The Most Wonderful Time
Or So I'm Told
It is fifty five degrees and sunny here in Our Fair City, four days before the winter solstice. I don’t have time to look up whether that’s a record, but it doesn’t feel right. Still, we’re due for snow tomorrow. When you add energy to a system, you expect it to get less predictable. Imagine gently pushing a pendulum—then imagine tackling that pendulum and swinging off with it over the abyss, with all your weight and the messy twist of your anatomy.
I’ve been sick this week—don’t worry, not the bad sick, or any of the other less headline-news bad sicks, just normal childcare-derived crud of the sort that leaves you feeling like you’ve got a garden gnome shoved sideways about 2/3 of the way down your throat, and meanwhile the garden gnome’s extended family are going at your entire body with tiny padded hammers, trying to get you to cough up their second cousin. Which you’d be happy to do, if said second cousin’s hat and shoes would just dislodge from your esophagus for a second. Don’t get sick, y’all, is what I’m saying. Take your vaccines and wear your masks and just—avoid it if you can.
In lieu of total radio silence, here are a few bits of news.
LAST EXIT is coming out in just a little over two months! It’s hard to believe, and I’m strobing between excitement and terror, when I’m not being attacked by garden gnomes. Which is about the right mix for this book, I think. (Maybe including the gnomes?) Now you can read the first chapter! It’s online here, at the Tor Forge blog.
Last week Amal was planning to visit us in Cambridge, to catch up after the long absence of the pandemic. She was turned away at the U.S. border.
This has never happened before. I have a hard time expressing emotion directly. I burn hot and slow and deep, and add to that, I’m sick. I’ll settle, for now, with: I’m upset, and angry, and sad. You can read more from Amal on the subject here. It’s worth your time. And, if you don’t click through: she asks that people not ask questions or speculate in the comments. It’s a painful and difficult subject. I’ll echo that request here.

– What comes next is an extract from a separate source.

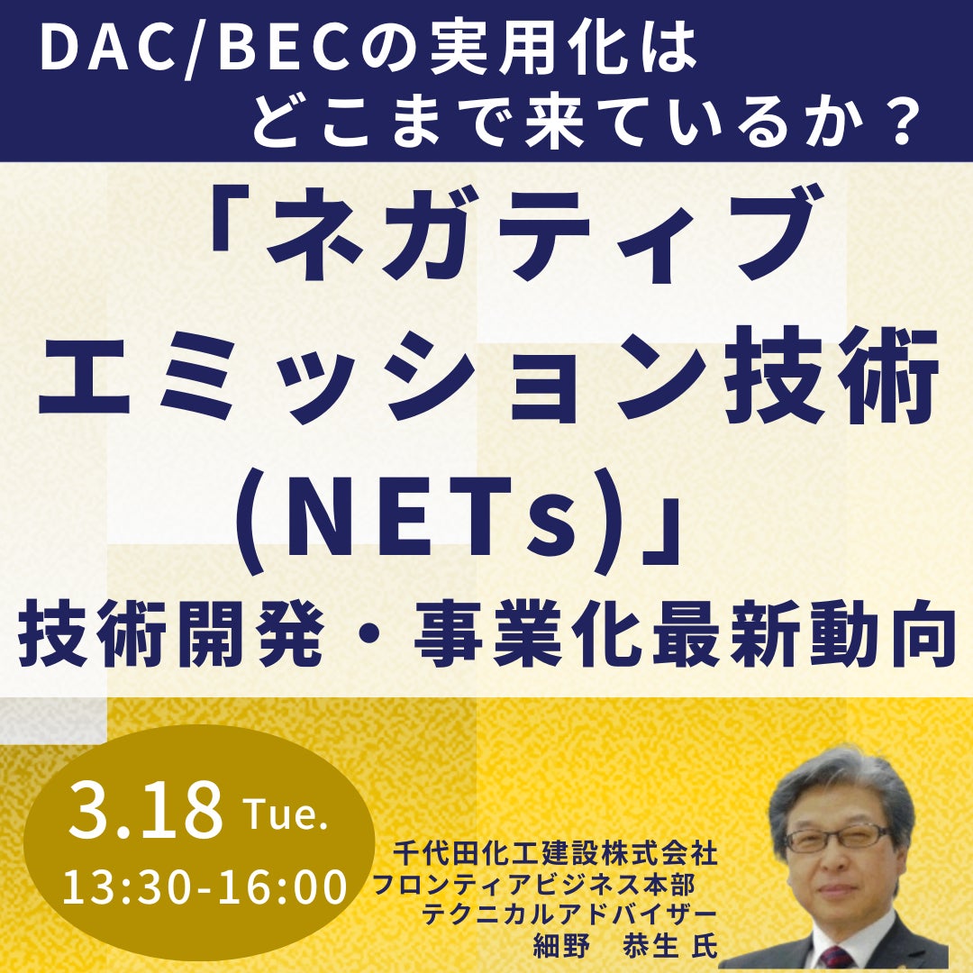 【JPIセミナー】「”ネガティブエミッション技術(NETs)”その技術開発・事業化最新動向について」3月18日(火)開催
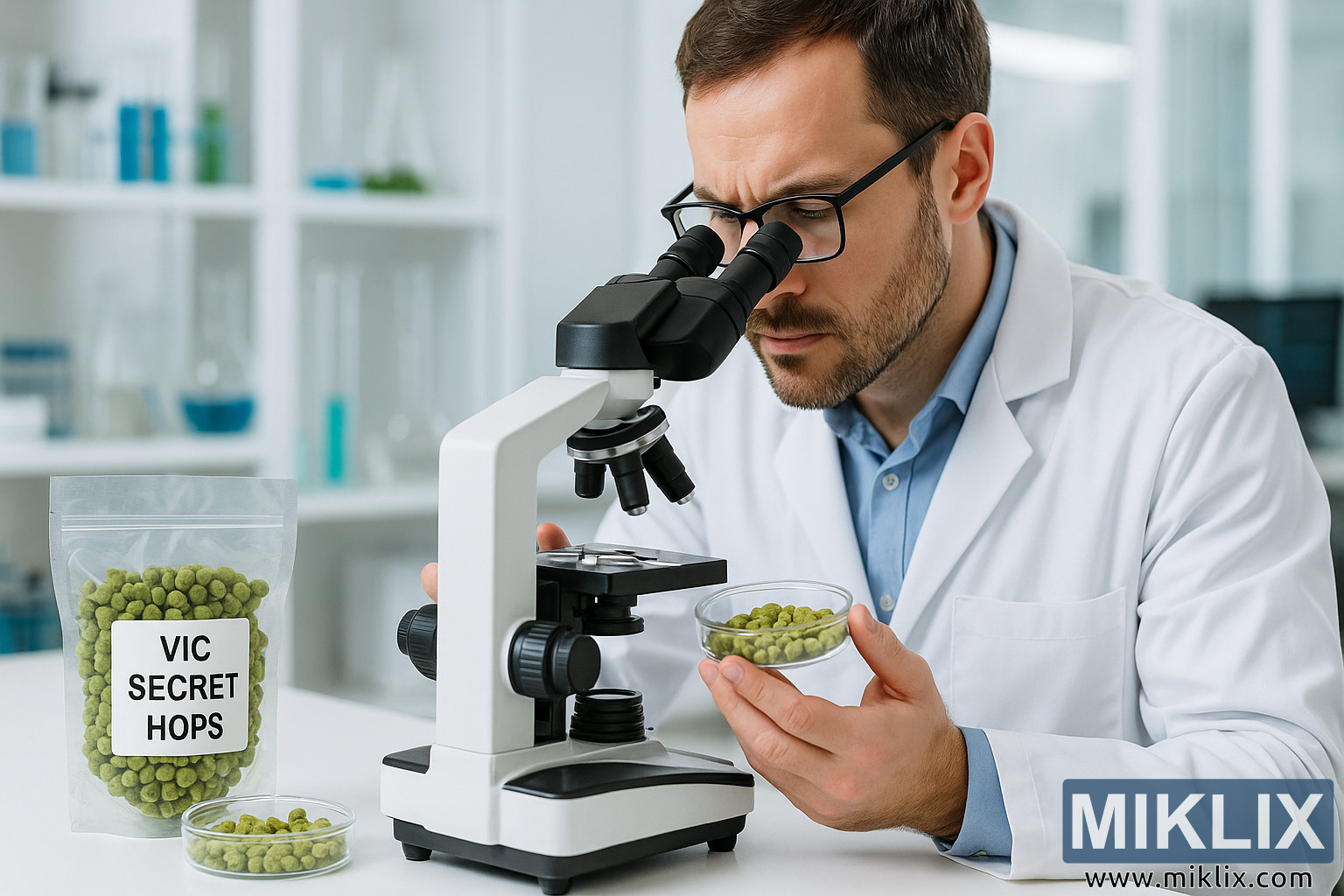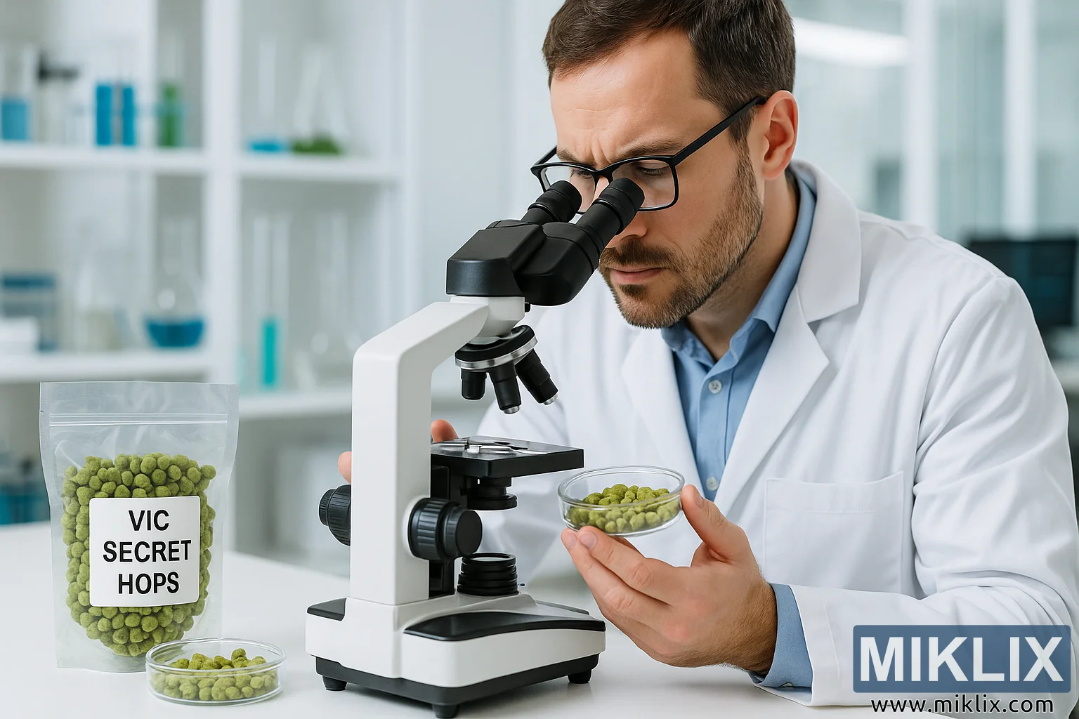 Рабочий стол перед ним аккуратный и чистый, отражающий контролируемую, профессиональную лабораторную обстановку. Слева от микроскопа лежит герметичный пластиковый пакет с четкой надписью «Vic Secret Hops». Пакет наполнен зелеными гранулами хмеля одинакового размера, а рядом с ним стоит небольшая чашка Петри с дополнительными гранулами. Гранулы хмеля выглядят яркими и фактурными, визуально подчеркивая их ботаническое происхождение и важность в пивоварении.

In the short term: we’d planned to visit Porter Square Books in Cambridge and double-sign stock for the holidays—so they, being heroes, laid in a supply of fifty copies of This is How You Lose the Time War. I’ve signed all of those, and Amal is sending something to compensate for the missing signature. If you’re looking for a last-minute gift, please consider ordering a copy of This is How You Lose the Time War from them! They ship anywhere in the US, and I believe they can still deliver orders by Christmas. They’ve been a wonderful store throughout the pandemic, and deserve your support.
I tend to stack up seasonal reads. October is all spooky books for me, and December is the solstice, and Christmas, which we celebrate. This year I’m rereading Wolf Hall, heavily spiced and rich with flavors appropriate for the season—though the plague bits hit harder, and to my surprise ring more of truth, than they did on my first introduction to the text. Meanwhile I’m listening to Hugh Grant read A Christmas Carol, and after that it’s Hogfather and The Thin Man and maybe The Dark is Rising, though I don’t know if I’ll fit that in this year. I wonder, dear reader: what do you return to, year after year? For comfort? For questioning?
Enjoy the dark days of the year. Keep your eyes open. Watch the night, and tell good stories. Better ones, if you can.